I recently wrote about a new paper by Cohen et al:
This paper deserves further comment.
It is a study of sudden death in children, mainly SIDS.
The study showed that 87% of the SIDS babies less than one year of age showed histopathological evidence of rickets. However, none of the cases of sudden death in children over the age of one showed rickets. Therefore, in this series of deceased infants and children, rickets presented as infantile rickets.
Radiological rickets was not picked up in any of the 13 histo-positive cases of rickets. Thus, radiology was woefully inadequate in diagnosing rickets, either due to the lack of sensitivity of x-rays or due to lack of appropriate recognition of x-ray signs of rickets by pediatric radiologists who are unfamiliar with the spectrum of rachitic radiographic changes.

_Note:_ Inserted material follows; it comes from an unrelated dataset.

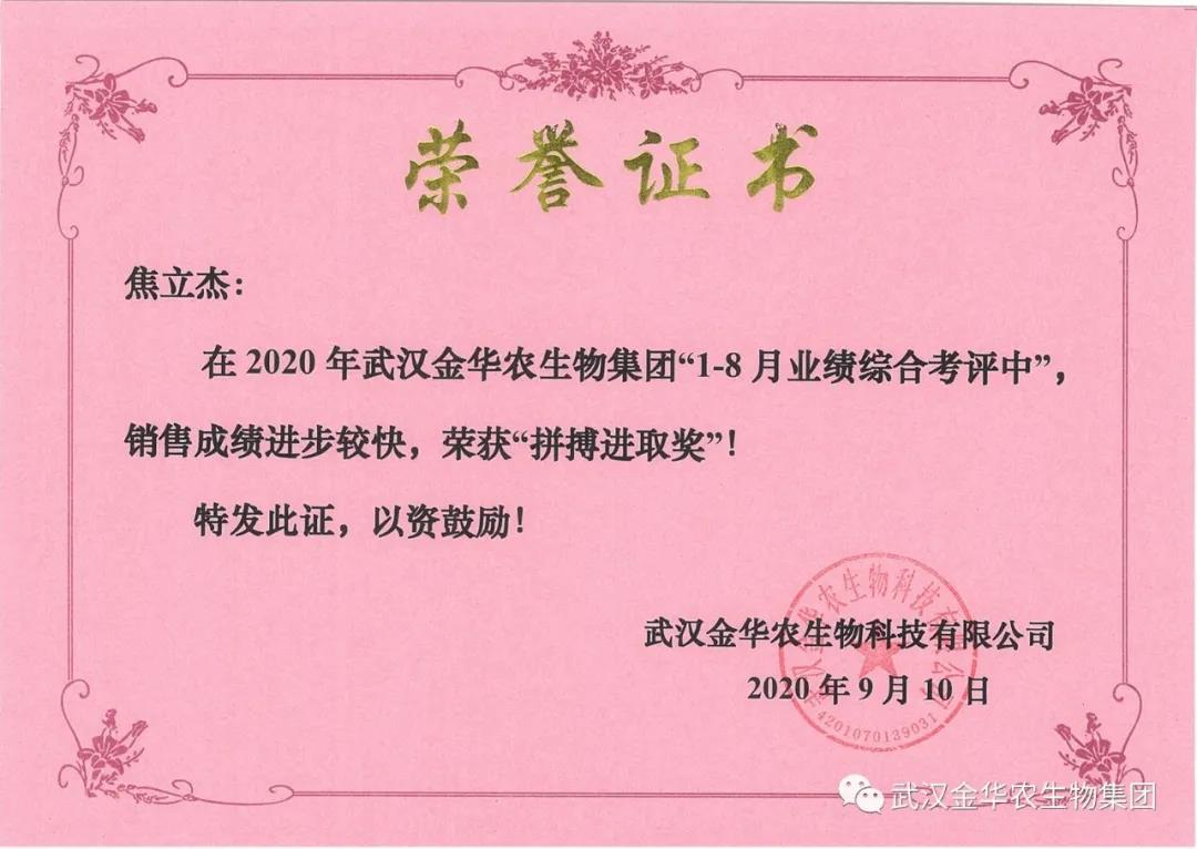祝賀河北焦立杰經(jīng)理,他在2020年武漢金華農(nóng)生物集團(tuán)“1-8月業(yè)績綜合考評中”銷售成績進(jìn)步較快,他拼搏進(jìn)取,踴躍報(bào)貨,榮獲武漢金華農(nóng)老人團(tuán)隊(duì)“拼搏進(jìn)取獎”,他是一位優(yōu)秀的“老武漢金華農(nóng)人P,為他鼓掌!為他點(diǎn)贊!

While the prevalence of rickets increased with lower D levels, individually rickets was absent with 25(OH)D levels as low as 2.4 ng/ml and rickets was present with 25(OH)D levels as high as 52 ng/ml. This confirms what has been previously widely reported-that rickets is multifactorial and no 25(OH)D threshold levels can reliably predict the presence or absence of rickets. In all likelihood, this is due to calcium intakes, with high calcium intakes and low 25(OH)D levels in children without rickets, and very low calcium intakes and high 25(OH)D in children with rickets.